EMC on Monday rolled out its own distribution of Hadoop in a move that integrates the open source big data software directly with its Greenplum intellectual property. The aim: Take on Cloudera.
The distribution, called Pivotal HD, is notable because it puts EMC in competition with Cloudera, which has a bevy of partners and is often seen as the Red Hat of big data. Many data warehousing players have built Hadoop connectors, but EMC went for a distribution so it could improve query response time. EMC's Pivotal HD could also drive sales of its Greenplum software and appliances.
Josh Klahr, vice president of products at EMC Greenplum, wasn't shy about the Cloudera comparison:
We want to be competitive with Cloudera. When we beta (Pivotal HD) with customers we've been able to stop a Cloudera purchase decision. Every account we go into there's increasing interest and adoption of Hadoop. The interest ranges from experimental to large production deployments.
Klahr noted that Pivotal HD has parts of Apache Hadoop, value added from the 100 developers EMC has on the project and proprietary database tools.
Among the key points about Pivotal HD:
- EMC's Hadoop distribution natively integrates with Greenplum's massive parallel processing database with Apache Hadoop.
- EMC said that its Hadoop distribution will bring SQL processing to the table and integrate with traditional business intelligence tools. Pivotal HD supports SQL-based data mining tools and allows them to use Hadoop's file system. EMC also outlined Project Hawq, an effort to bring database services to Hadoop.
- Cluster management tools so developers can deploy, configure and manage big data tasks.
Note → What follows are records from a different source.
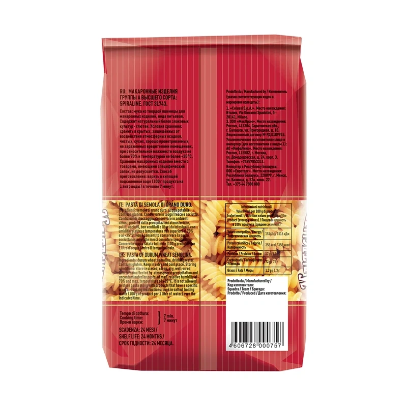 Макароны Maltagliati Spiraline №102 ГОСТ, 450г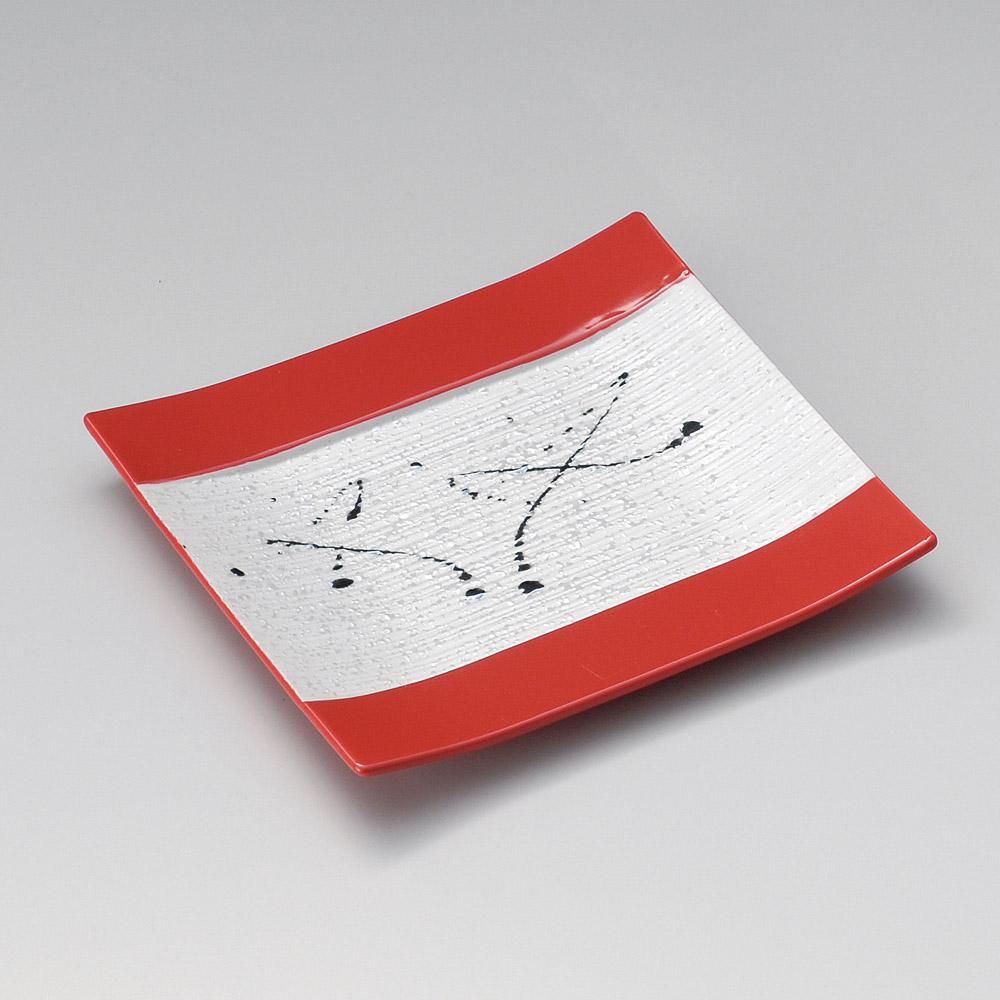182-6-527 うつわ vol17 黒飛ばしラスター赤釉筋彫正角皿 業務用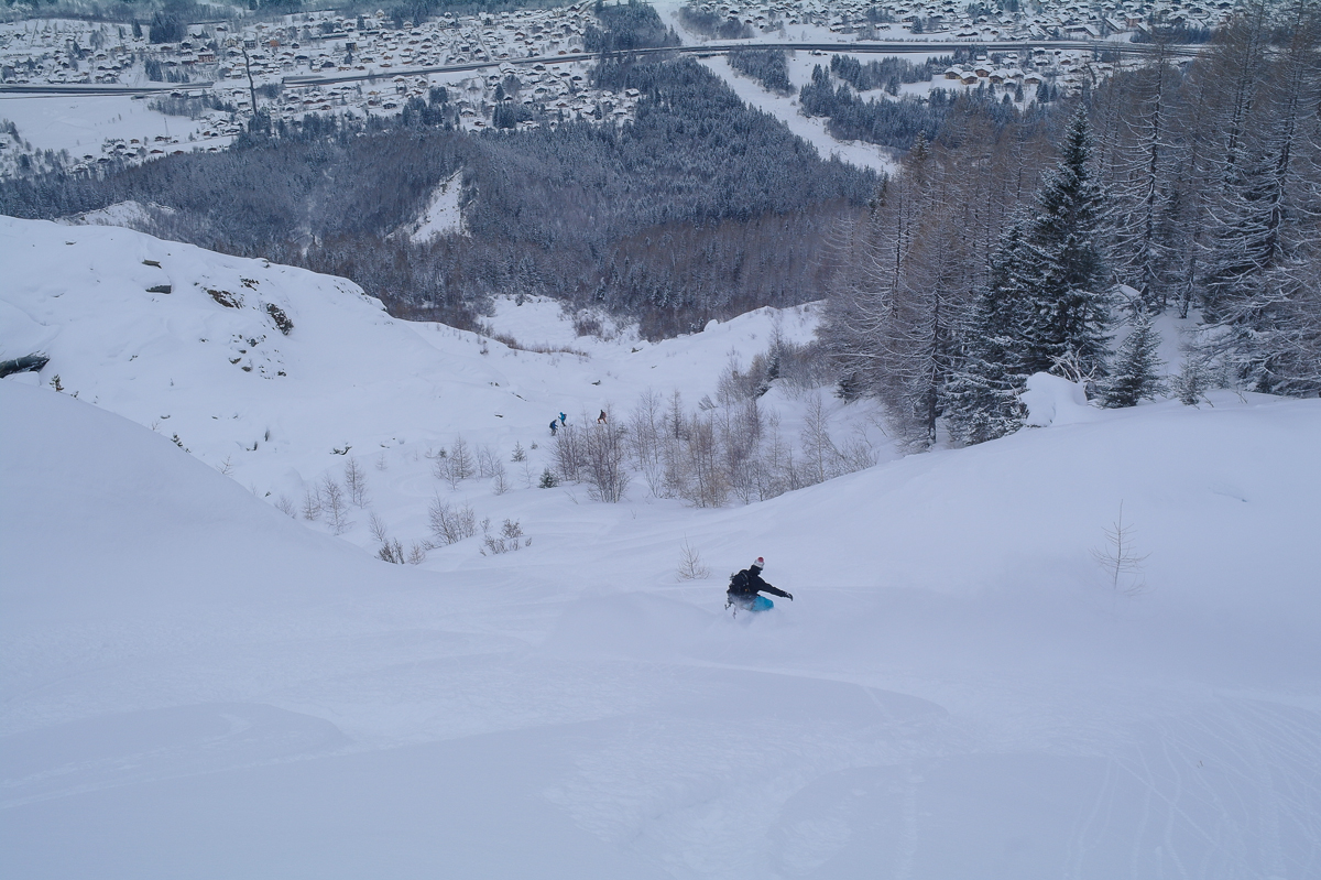 I’m on my own here this week with a freshly printed ‘pink ticket’ to party and the only thing there has been a shortage of is sleep! After a couple of days fast freeride and jumping in the trees followed by some beer for Dave’s Birthday and then the following night Philip & Nora’s send off, I was keen to get into the big mountains.

- The storage giant claims that Pivotal HD is the most powerful Hadoop distribution because it uses EMC's dynamic pipelining technology. Based on its tests, EMC is claiming response time improvements ranging from 10x to 600x faster than SQL interfaces for Hadoop. EMC provided its own benchmarks comparing Hawq to Hive as well as Cloudera's Impala.
- The distribution bundles VMware's Hadoop Virtualization Extensions. That move isn't surprising given EMC owns VMware.
EMC said the rationale for its own distribution is that Hadoop interfaces in the enterprise aren't up to snuff and connectors are too slow. With Greenplum, EMC is looking to bring components and tools to bridge big data and business intelligence software via SQL.
The biggest issue for the big data market is that Hadoop distributions are piling up. Cloudera, IBM and Hortonworks are a few key players and the field is growing.
Pivotal HD will be available as software only or embedded with an appliance.